The molecule with the longest retention time would adsorb to the stationary phase the best. As the stationary phase is non-polar, the answer is the most non polar molecule, which is option A

[HopefulLawStudent]

So it adsorbs more when the stationary phase and the mobile phase are both either polar/non-polar? This is probably a really dumb question but... How do we know that A's non-polar?

[Callum@1373]

So it adsorbs more when the stationary phase and the mobile phase are both either polar/non-polar? This is probably a really dumb question but... How do we know that A's non-polar?

No, this question is talking about a non-polar stationary phase. It would therefore interact more with the stationary phase if (a) it was a non-polar molecule and (b) the mobile phase was polar.

A is non-polar because it has a long hydrocarbon chain, whereas B,C and D have functional groups which will form hydrogen bonds therefore polar molecules.

[HopefulLawStudent]

Would it work the other way round too? i.e.
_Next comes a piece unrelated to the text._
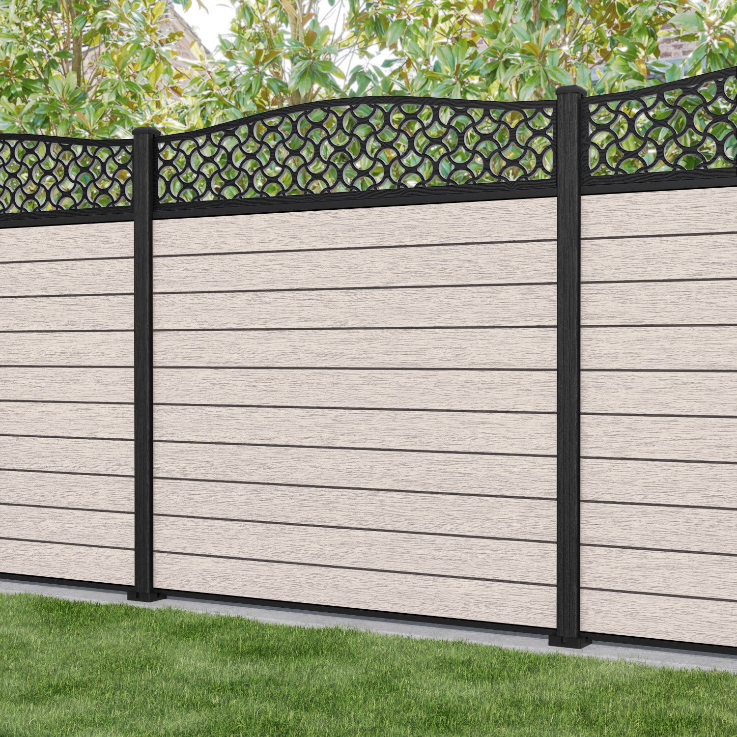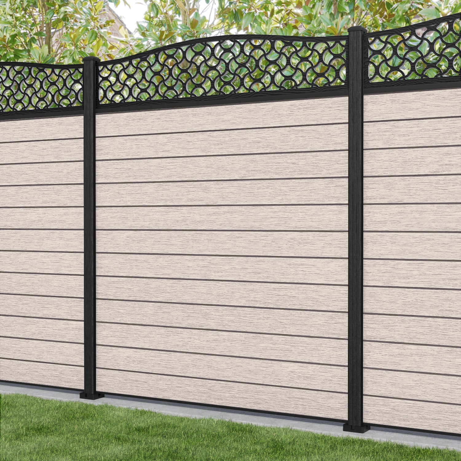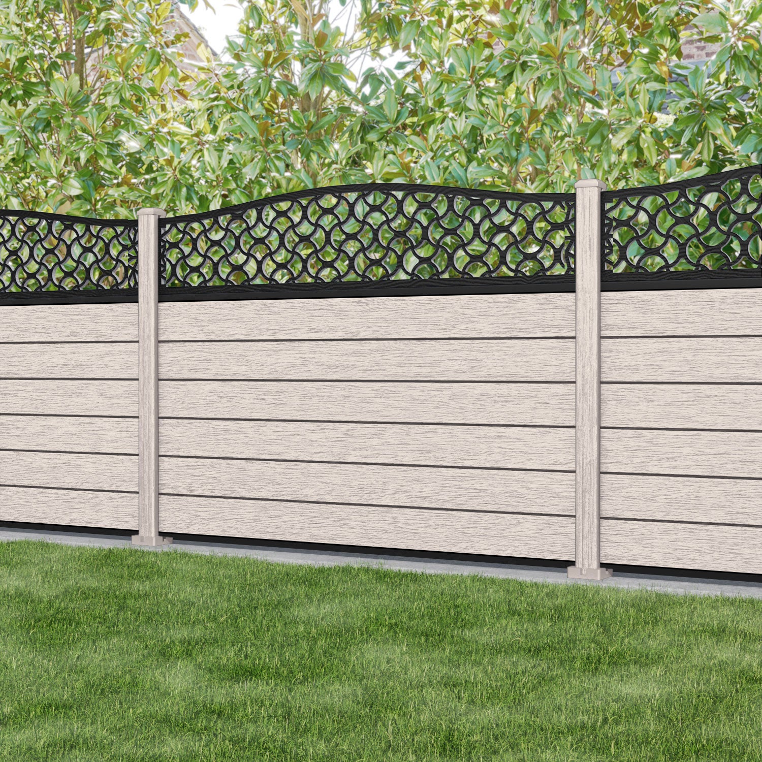 Fusion Vida Curved Top Fence Panel Mid Stone - with our composite posts

If we had a polar molecule and non-polar mobile phase, would there be more interaction than if we had a non-polar mobile phase and non-polar molecule?

Ohhhhhh. I did not know that. We only briefly skimmed over polar/non-polar molecules and that section of organic chem.
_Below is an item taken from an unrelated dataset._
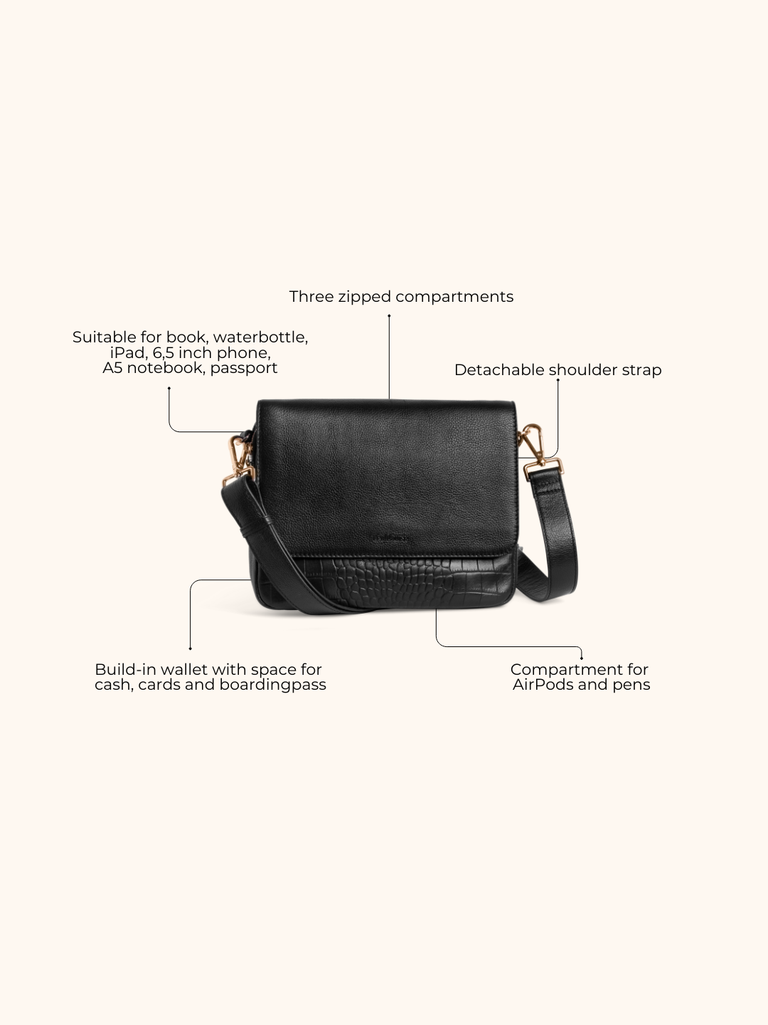 - Fits a book, iPad or e-reader, a 500 ml water bottle, pens and AirPods

PS: Thank you for all of your help. I really appreciate it.

[blacksanta62]

Hey need some help with this neap exam question

Triiodine ions can be produced in acidic solutions as follows:

IO_3^2- (aq) + I^-(aq) -----------> I_3^-(aq)

Write the balanced redox equation for the above reaction.
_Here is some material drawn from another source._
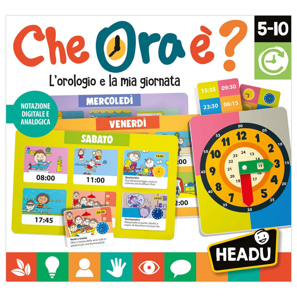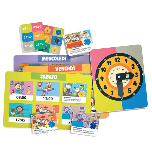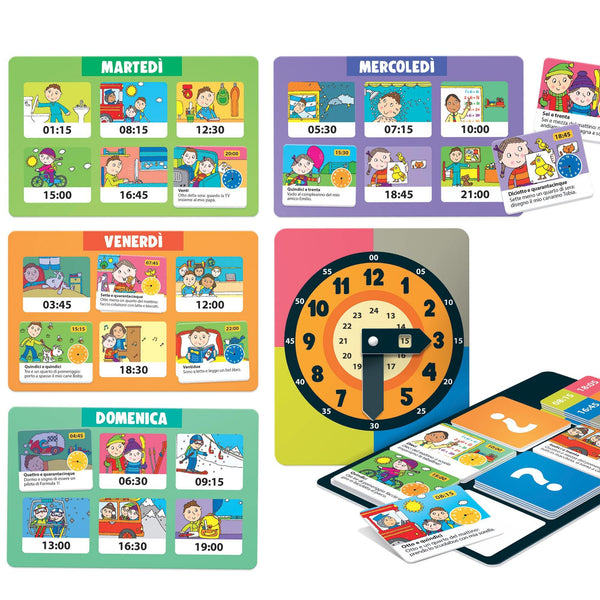 Ore 16:00, quattro di pomeriggio: è il momento di giocare con questa divertente tombola che, attraverso le azioni dei giorni della settimana, ci insegna a leggere e a indicare ore e minuti in versione analogica e digitale ed in altri modi convenzionali!

Edit: worked it out. Allow the triiodine ion to have an oxidation number of -1/3. From there you can see that the I from IO_3^2- (aq) reduces in its oxidation number (from +5 -------> -1/3) while the I^-(aq) increases in it's oxidation number (from -1 -----> -1/3). Work out the rest from there Thought I would do this since it wasn't so straight forward

[helloworld]

Does anyone have answers to thushans notes for chem on here?

[Adequace]

Can someone confirm that the relative formula mass of Fe2(CO3)3 is 291.714? The book has a different answer..

[Sine]

Can someone confirm that the relative formula mass of Fe2(CO3)3 is 291.714? The book has a different answer..

291.6gmol-1
292gmol-1 (3 sig figs)

Fe2 = 55.8 x 2
C3 = 12.0 x 3
O9 = 16.0 x 9

This is when using the vce databooklet.

[Adequace]

291.6gmol-1
292gmol-1 (3 sig figs)

Fe2 = 55.8 x 2
C3 = 12.0 x 3
O9 = 16.0 x 9

This is when using the vce databooklet.

Thanks, the book had something around ~297 lol.

[keltingmeith]

291.6gmol-1
292gmol-1 (3 sig figs)

Fe2 = 55.8 x 2
C3 = 12.0 x 3
O9 = 16.0 x 9

This is when using the vce databooklet.

Nitpick: you should leave that to one decimal place, because you're adding the numbers together, not multiplying/dividing.

[Sine]

Nitpick: you should leave that to one decimal place, because you're adding the numbers together, not multiplying/dividing.

oh forgot about that good pickup.

[Shax]

Guys, the textbook has a compound named as "2-Methylpropene".
I think it is redundant to put the 2 there since it doesn't add anything. Methylpropene is just enough as the numbering always starts from the double bond and the methyl group cannot be attached anywhere else (if it was one or three, it would be called butene).
I have heard it said that vcaa assessors consider putting a number that is not required in the IUPAC name as a mistake. What do you think guys??